Today, U.S. President Donald Trump signed an executive order (EO) related to Bitcoin and cryptocurrency, titled “Strengthening American Leadership In Digital Financial Technology”. This EO officially banned the creation and issuance of a central bank digital currency (CBDC) in the United States, defining a CBDC as “a form of digital money or monetary value, denominated in the national unit of account, that is a direct liability of the central bank.”

“Except to the extent required by law, agencies are hereby prohibited from undertaking any action to establish, issue, or promote CBDCs within the jurisdiction of the United States or abroad,” the order announced. “Except to the extent required by law, any ongoing plans or initiatives at any agency related to the creation of a CBDC within the jurisdiction of the United States shall be immediately terminated, and no further actions may be taken to develop or implement such plans or initiatives.”

The new EO will also establish a presidential working group to create a federal regulatory framework governing digital assets (including stablecoins), and evaluate the creation of a strategic national digital assets stockpile.

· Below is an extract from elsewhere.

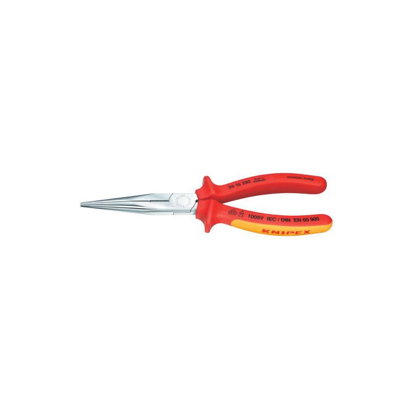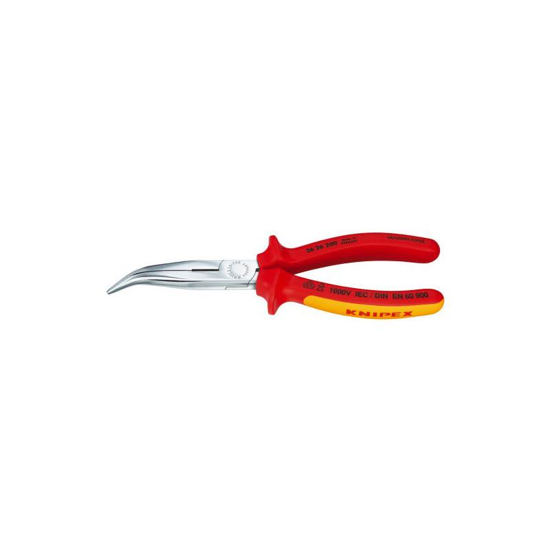 El alicate Knipex 26 26 200 dispone de unas puntas de gran precisión y resistencia, ideales para operaciones de riesgo eléctrico a nivel profesional. Sus bocas de gran longitud y cuerpo redondeado facilitan un trabajo cómodo y preciso gracias al interior de sus bocas con superficie rayada que proveen de un agarre extra.

“The Working Group’s report shall consider provisions for market structure, oversight, consumer protection, and risk management,” stated the order. “The Working Group shall evaluate the potential creation and maintenance of a national digital asset stockpile and propose criteria for establishing such a stockpile, potentially derived from cryptocurrencies lawfully seized by the Federal Government through its law enforcement efforts.”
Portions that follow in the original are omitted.